I believe that your question requires some additional information - namely the coordinate system with respect to which any point could be considered "topmost", or "leftmost".
Don't forget that whilst the normal tells you which way the polygon is facing, it doesn't on its own tell you which way is "up". It's possible to rotate (or "roll") around the normal vector and still be facing in the same direction.
This is why most 3D rendering systems have a camera which contains not only a "view" vector, but also "up" and "right" vectors. Changes to the latter two achieve the effect of the camera "rolling" around the view vector.
Project it onto a plane and get the bounding box.
I have a silly idea, but at the risk of gaining a negative a point, I'll give it a try:
Get the minimum/maximum value from
each three-dimensional axis of each
point on your 2d polygon. A single pass with a loop/iterator over the list of values for every point will suffice, simply replacing the minimum and maximum values as you go.

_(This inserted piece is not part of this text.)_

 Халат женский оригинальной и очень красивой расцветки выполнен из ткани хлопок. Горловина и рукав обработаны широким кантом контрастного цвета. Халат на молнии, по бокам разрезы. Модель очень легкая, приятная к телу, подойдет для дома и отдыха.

The end result is a list that has the "lowest" X, Y, Z coordinates and "highest" X, Y, Z coordinates.
Iterate through this list of min/max
values to create each point
("corner") of a "bounding box"
around the object. The result
should be a box that always contains
the object regardless of axis
examined or orientation (no point on
the polygon will ever exceed the
maximum or minimums you collect).
Then get the distance of each "2d
polygon" point to each corner
location on the "bounding box"; the
shorter the distance between points,
the "closer" it is to that "corner".
Far from optimal, certainly crummy, but certainly quick. You could probably post-capture this during the object's rotation, by simply looking for the min/max of each rotated x/y/z value, and retaining a list of those values ahead of time.

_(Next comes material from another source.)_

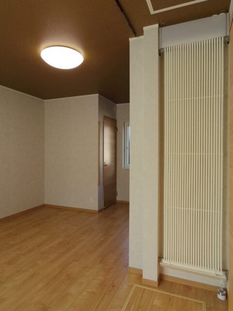 ※室内面での気密シート等による木造躯体内部面での気密処理は、外部面にて気密処理を行う施工方法に比べ、「温熱環境による気密処理部分の経年劣化」に対しても優位だと考えられます(外部面での気密テープもしくは、シーリングなどによる気密処理は、施工方法としては簡単な方法ですが、シーリング等による気密処理には施工方法など得に注意が必要と思われますので、高気密住宅の施工方法についても確認していただくことをおススメいたします)。 冷房も暖房もひとつのパネルヒーターにて行うことが出来る樹脂製パネルヒーター「クール暖」にて輻射冷暖房を行い、高性能グラスウールでの高断熱化、日本スティーベル(ドイツ製)24時間換気システムにより、常にご家族が安心して住むことができる健康住宅(家)を目指しております。

If you can assume that there is some constraints regarding the shapes, then you might be able to get away with knowing less information. For example, if your shape was the composition of a small square with a long thin triangle on one side (i.e. a simple symmetrical geometry), then you could compare the distance from each list point to the "center of mass." The largest distance would identify the tip of the cone, the second largest would be the two points farthest from the tip of the cone, etc... If there was some order to the list, like points are entered in counter clockwise order (about the normal), you could identify all the points. This sounds like a bit of computation, so it might be reasonable to try to include some extra info with your shapes, like the "center of mass" and a reference point that is located "up" above the COM (but not along the normal). This will give you an "up" vector that you can cross with the normal to define some body coordinates, for example. Also, the normal can be defined by an ordering of the point list. If you can't assume anything about the shapes (or even if the shapes were symmetrical, for example), then you will need more data. It depends on your constraints.
If you know that the polygon in 3D is "flat" you can use the normal to transform all 3D-points of the vertices to a 2D-representation (of the points with respect to the plan in which the polygon is located) - but this still leaves you with defining the origin of this coordinate-system (but this don't really matter for your problem) and with the orientation of at least one of the axes (if you want orthogonal axes you can still rotate them around your choosen origin) - and this is where the trouble starts.
I would recommend using the Y-axis of your 3D-coordinate system, project this on your plane and use the resulting direction as "up" - but then you are in trouble in case your plan is orthogonal to the Y-axis (now you might want to use the projected Z-Axis as "up").
The math is rather simple (you can use the inner product (a.k.a. scalar product) for projection to your plane and some matrix stuff to convert to the 2D-coordinate system - you can get all of it by googling for raytracer algorithms for polygons.